_PROBLEM DESCRIPTION:_ In the entries below, begin at the line that has "1041 LENIS Fauteuil", stop after the line that has "Figura Jana Nepomucena", and output those lines exactly with no pictures.

(RECORDS Opens)

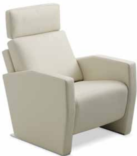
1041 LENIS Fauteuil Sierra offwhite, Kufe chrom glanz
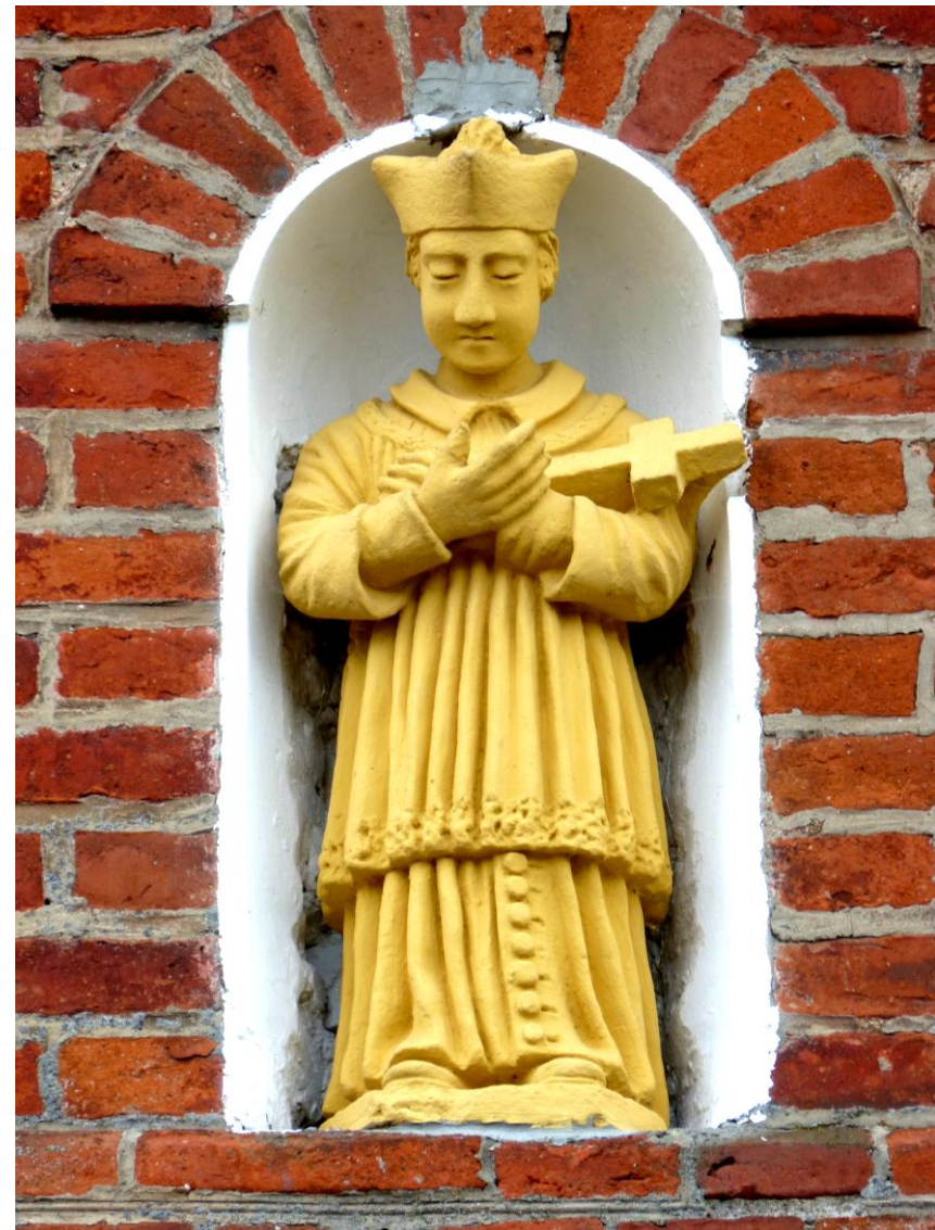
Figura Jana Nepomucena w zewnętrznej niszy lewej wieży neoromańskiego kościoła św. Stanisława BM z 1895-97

(RECORDS Closes)
(RECORDS Opens)

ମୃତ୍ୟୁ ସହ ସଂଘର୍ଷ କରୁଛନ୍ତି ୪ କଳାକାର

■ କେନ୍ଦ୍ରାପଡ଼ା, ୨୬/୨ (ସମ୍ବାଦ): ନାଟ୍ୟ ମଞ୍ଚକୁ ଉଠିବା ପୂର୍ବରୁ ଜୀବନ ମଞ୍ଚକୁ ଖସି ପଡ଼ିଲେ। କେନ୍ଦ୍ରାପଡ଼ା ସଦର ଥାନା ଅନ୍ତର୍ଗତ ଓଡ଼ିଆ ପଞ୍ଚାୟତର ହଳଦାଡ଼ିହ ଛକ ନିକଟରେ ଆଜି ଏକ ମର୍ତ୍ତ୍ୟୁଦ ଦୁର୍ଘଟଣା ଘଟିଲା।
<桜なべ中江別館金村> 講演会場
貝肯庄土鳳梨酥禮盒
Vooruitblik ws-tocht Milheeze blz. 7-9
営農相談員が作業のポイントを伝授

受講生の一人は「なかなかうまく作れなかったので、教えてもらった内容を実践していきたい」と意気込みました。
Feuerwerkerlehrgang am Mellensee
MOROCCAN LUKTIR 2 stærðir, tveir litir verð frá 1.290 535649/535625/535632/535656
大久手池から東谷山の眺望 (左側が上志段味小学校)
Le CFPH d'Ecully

(RECORDS Closes)
(RECORDS Opens)

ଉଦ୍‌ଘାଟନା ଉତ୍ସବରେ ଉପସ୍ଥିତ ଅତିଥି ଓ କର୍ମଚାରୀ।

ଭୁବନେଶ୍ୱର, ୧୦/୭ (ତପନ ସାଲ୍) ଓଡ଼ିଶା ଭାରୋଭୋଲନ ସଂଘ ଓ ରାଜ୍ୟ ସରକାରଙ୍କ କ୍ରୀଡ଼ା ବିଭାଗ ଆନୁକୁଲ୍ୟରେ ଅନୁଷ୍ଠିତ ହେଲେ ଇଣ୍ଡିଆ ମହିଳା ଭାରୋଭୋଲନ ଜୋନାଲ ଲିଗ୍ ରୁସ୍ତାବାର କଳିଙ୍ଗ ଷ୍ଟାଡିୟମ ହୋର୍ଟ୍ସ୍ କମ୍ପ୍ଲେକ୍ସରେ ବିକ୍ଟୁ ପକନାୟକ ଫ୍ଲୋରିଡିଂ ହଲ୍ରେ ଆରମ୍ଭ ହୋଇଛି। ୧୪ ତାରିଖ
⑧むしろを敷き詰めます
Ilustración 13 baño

(RECORDS Closes)

_ANSWER:_
1041 LENIS Fauteuil Sierra offwhite, Kufe chrom glanz
Figura Jana Nepomucena w zewnętrznej niszy lewej wieży neoromańskiego kościoła św. Stanisława BM z 1895-97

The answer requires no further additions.